▸ **Activity**: With the pictures omitted, print exactly the lines below, from the one containing "- одного из" through the one containing "阿勒泰市图书馆在阿勒泰市雪都不夜城设立的流动图书点。(资料图)", and nothing else.

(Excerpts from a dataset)
=== Section Start ===

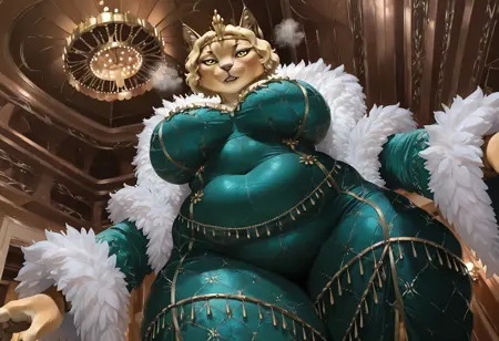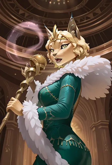 태그: 고양이, 왕관, 금발, 단발, 털이 많은 여자, 털 장식, 동물 귀, 노란 눈, 녹색 드레스, 지팡이 들고 있음 (옵션)
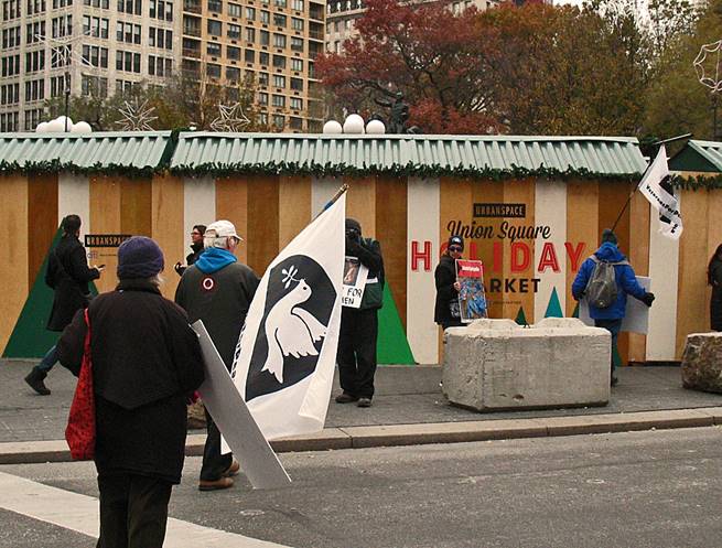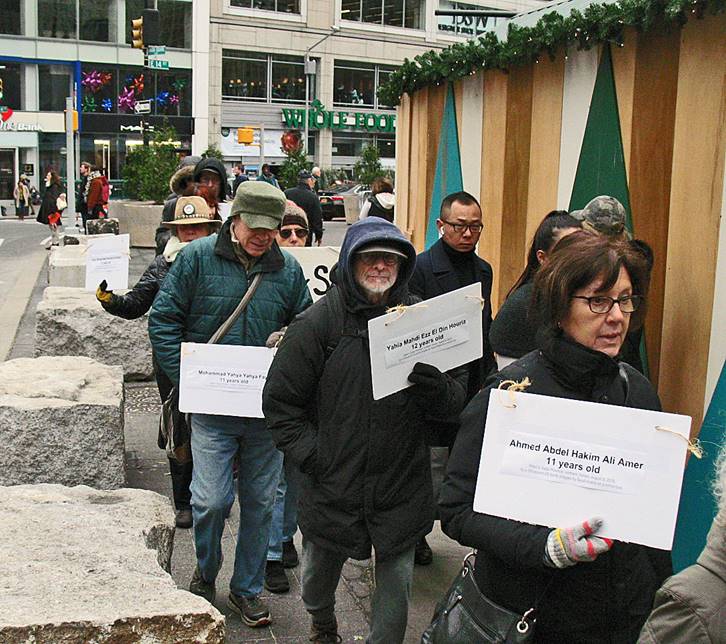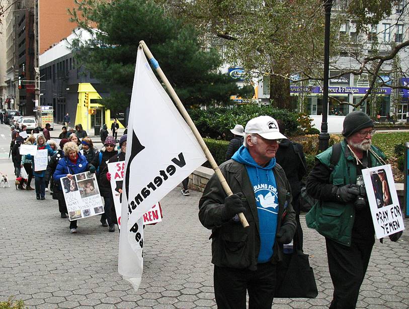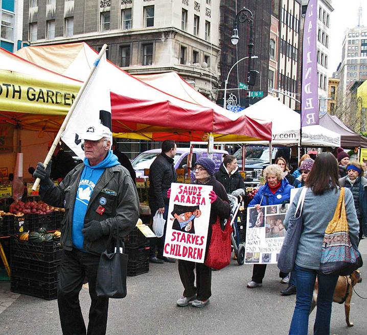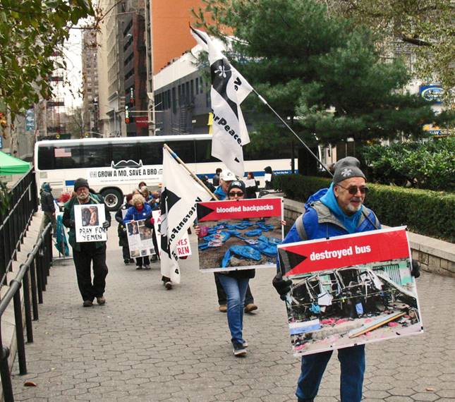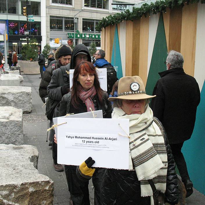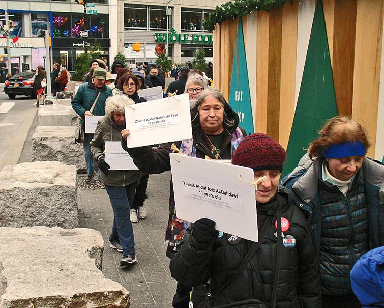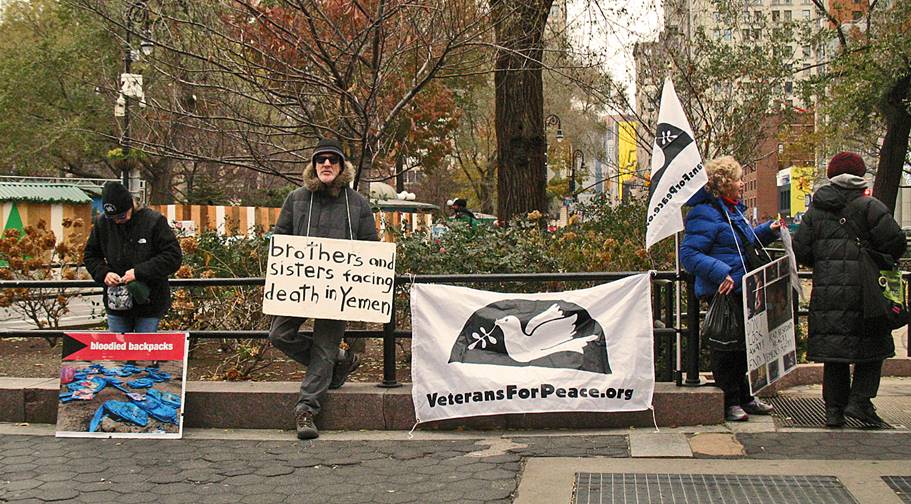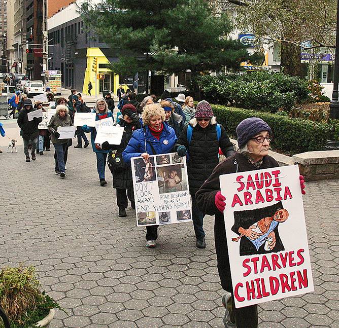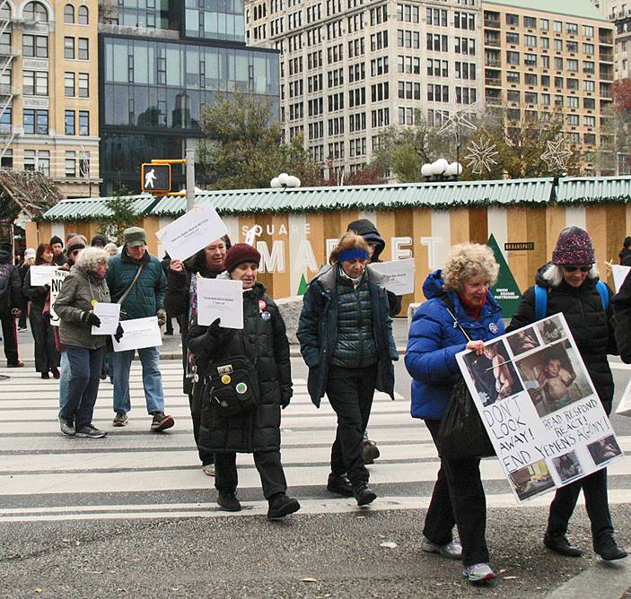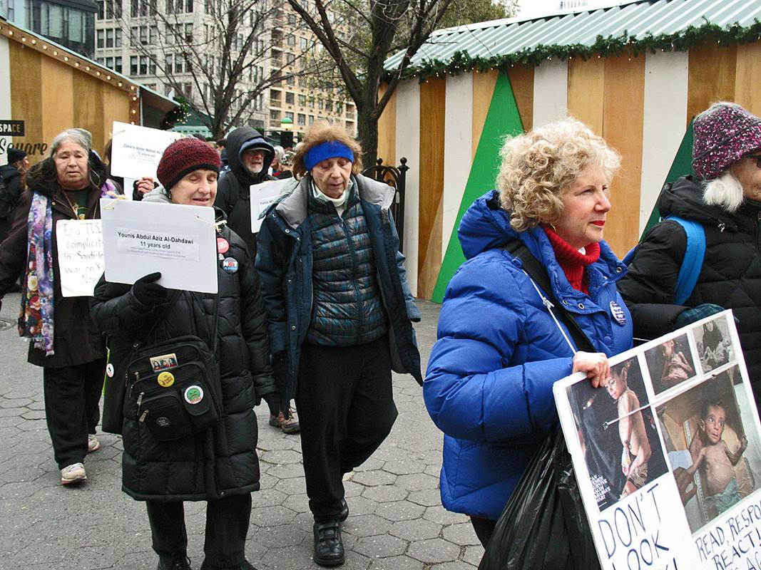 Members of the Granny Peace Brigade participated in the weekly vigil for peace in Yemen, in Union Square on Saturday, November 24th. The weekly vigil was initiated by the Catholic Worker one and a half years ago. Several members of other peace organizations take part in this endeavor.
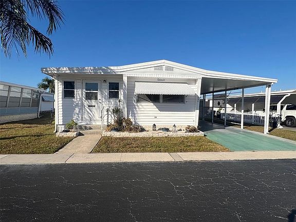 This distinguished 55+ waterfront community offers a variety of planned activities for residents. With a reasonable maintenance fee of $300 per month, residents benefit from sewer, water, garbage collection, and lawn service. Additional amenities include a well-maintained pool, shuffleboard courts, a billiard room, and a boat ramp that provides access to excellent fishing opportunities on Lake Seminole. Interior: Despite its modest exterior, this residence features a remarkably spacious interior that offers both comfort and versatility. In addition to two well-appointed bedrooms and two bathrooms, there is a den suitable for use as a third bedroom, alongside two extensions adaptable to various purposes. The kitchen includes a designated eating area and provides practical functionality. The majority of the home is carpeted and equipped with ceiling fans and vertical blinds. An open-concept floor plan connects the living and dining areas, which may be combined into a large great room if desired. The den is located on one side of the property, while the bedrooms and bathrooms are positioned on the opposite side. One bathroom is fitted with a shower and tub, while the other features a walk-in shower. Both bedrooms are generously sized, offering ample closet space. Exterior: The exterior of this property features vinyl siding, a new roof installed in 2023, a shed equipped with a large water heater, a two-car carport, and an air conditioning unit. Priced competitively at $98,500 (including a share), this home offers plenty of potential for personalization. Feel free to call to schedule a private tour of this property!
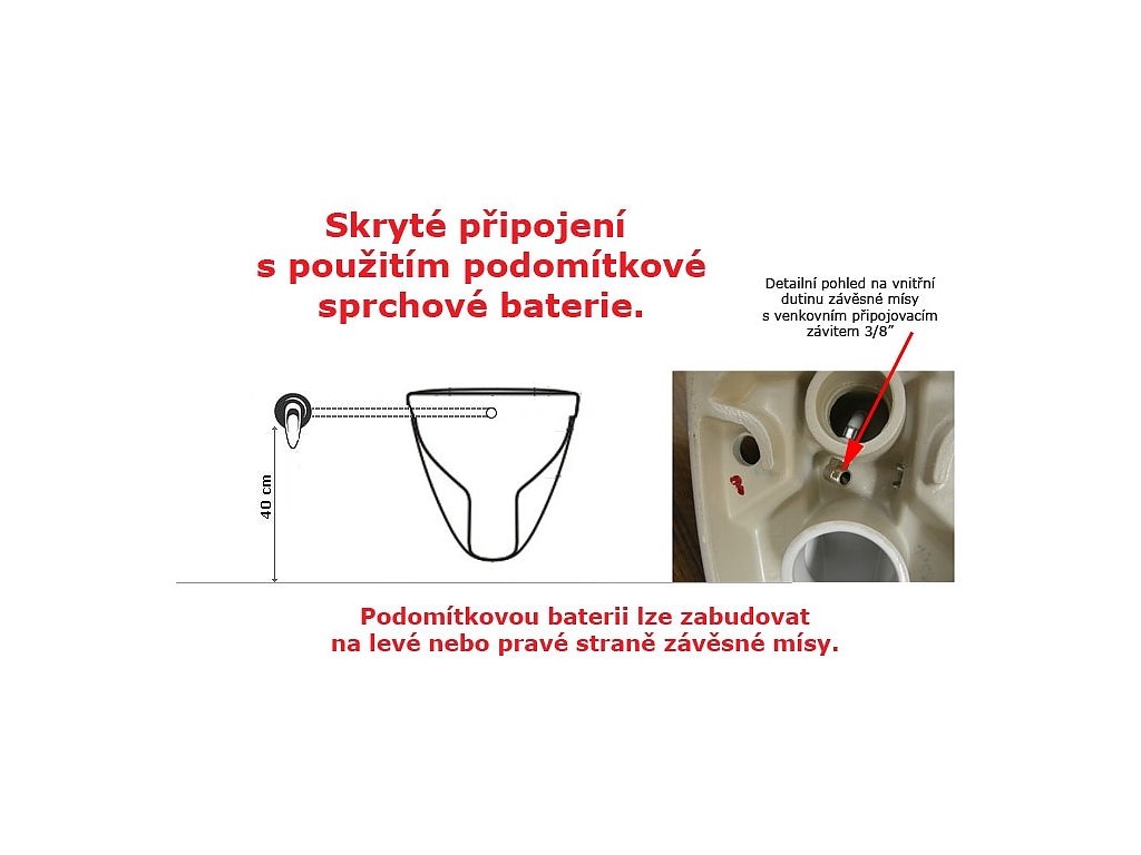 - 2.Venkovní připojení zboku speciálním otvorem v míse – viz. obrázkové přílohy
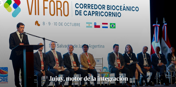 Durante la primera semana de octubre, la provincia de Jujuy se consolidó como el motor regional al ser sede del VII Foro de los Territorios Subnacionales del Corredor Bioceánico de Capricornio (CBC).
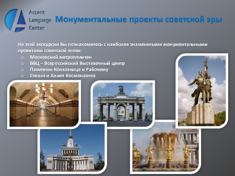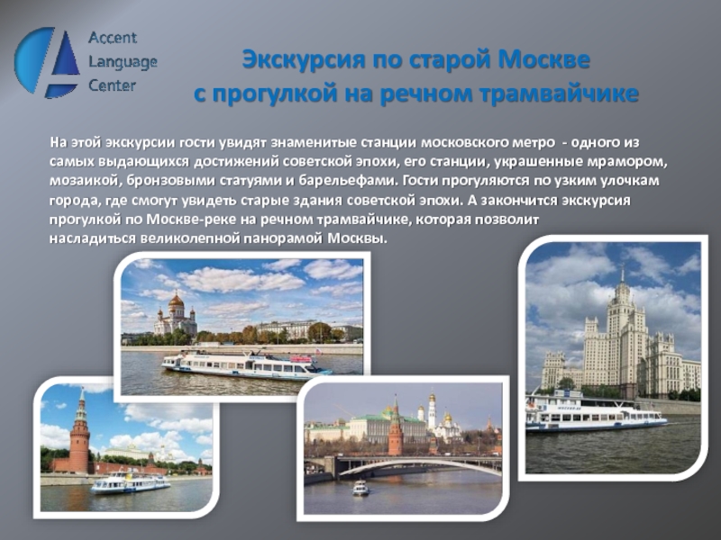 - одного из самых выдающихся достижений советской эпохи, его станции, украшенные мрамором, мозаикой, бронзовыми статуями и барельефами. Гости прогуляются по узким улочкам города, где смогут увидеть старые здания советской эпохи. А закончится экскурсия прогулкой по Москве-реке на речном трамвайчике, которая позволит насладиться великолепной панорамой Москвы.
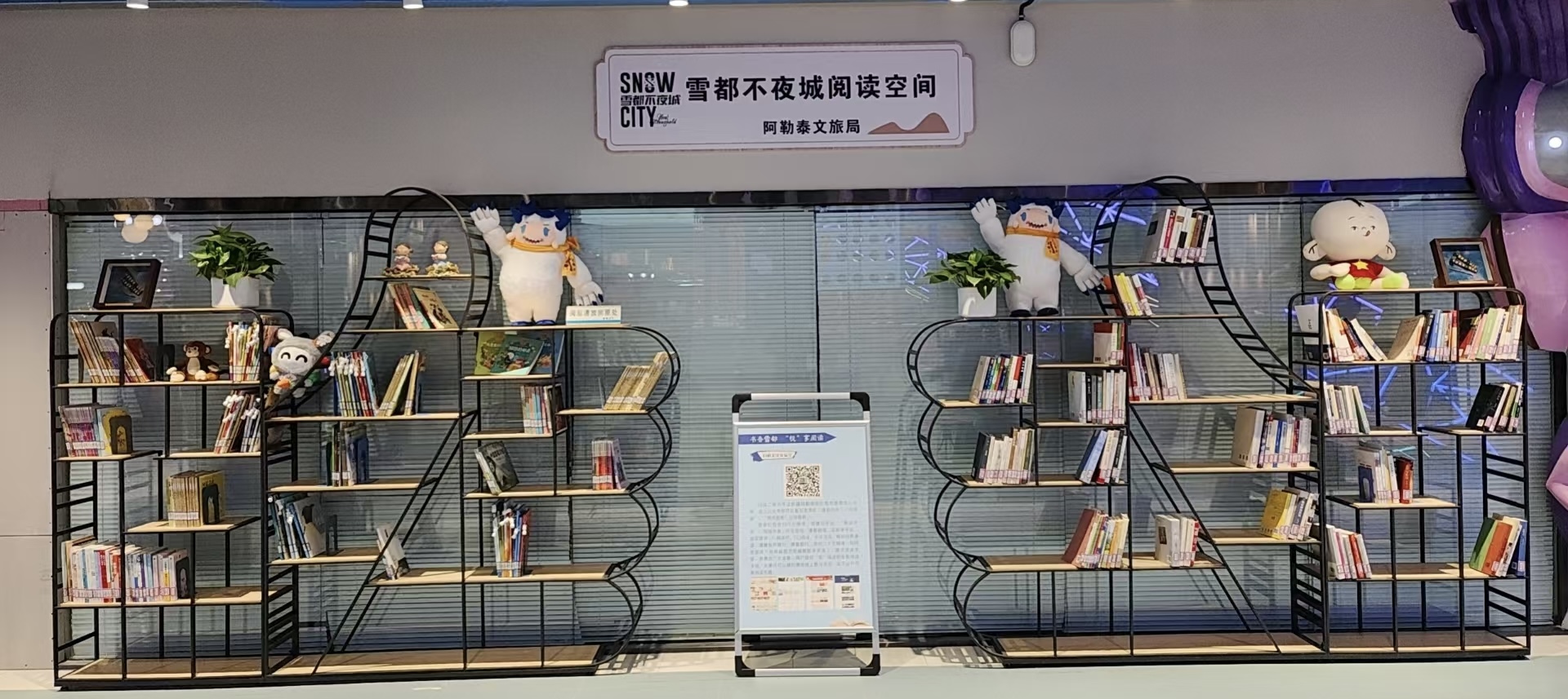 阿勒泰市图书馆在阿勒泰市雪都不夜城设立的流动图书点。(资料图)
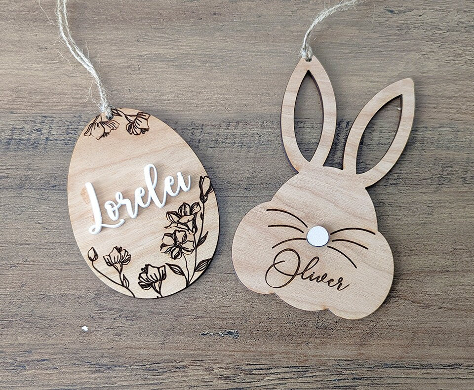 Easter basket name tags, wood Easter basket tags, wood engraved Easter tags, personalized Easter basket name tags, engraved Easter tags
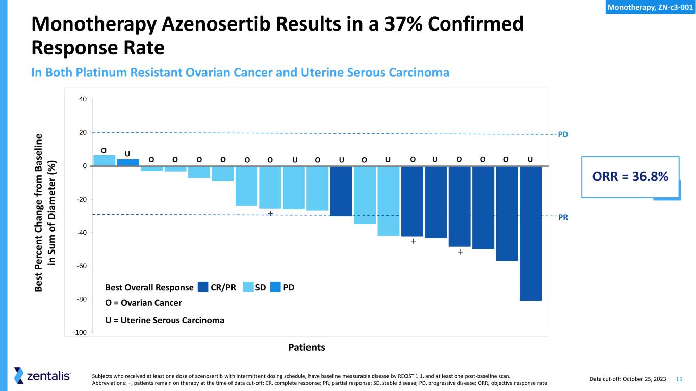 Established monotherapy RP2D of 400 mg 5:2 Median follow up has increased by nearly 5 months and mPFS has increased to 6.5 months 37% Objective Response Rate using intermittent dosing in ovarian and USC patients Maintained excellent safety and tolerability with intermittent dosing CORPORATE CALL June 6, 2023 Strong Safety and Tolerability of Azenosertib Monotherapy Abbreviations: USC, uterine serous carcinoma; RP2D: recommended Phase 2 dose; 5:2 refers to administration schedule of five days on therapy and two days off; mPFS, median progression free survival Longer Follow Up Improves Duration of Benefit Doubled steady state drug exposure compared to continuous dosing UPDATED DATA Nov 6, 2023 Monotherapy, ZN-c3-001

=== Section End ===

▸ **Task result**:
 - одного из самых выдающихся достижений советской эпохи, его станции, украшенные мрамором, мозаикой, бронзовыми статуями и барельефами. Гости прогуляются по узким улочкам города, где смогут увидеть старые здания советской эпохи. А закончится экскурсия прогулкой по Москве-реке на речном трамвайчике, которая позволит насладиться великолепной панорамой Москвы.
 阿勒泰市图书馆在阿勒泰市雪都不夜城设立的流动图书点。(资料图)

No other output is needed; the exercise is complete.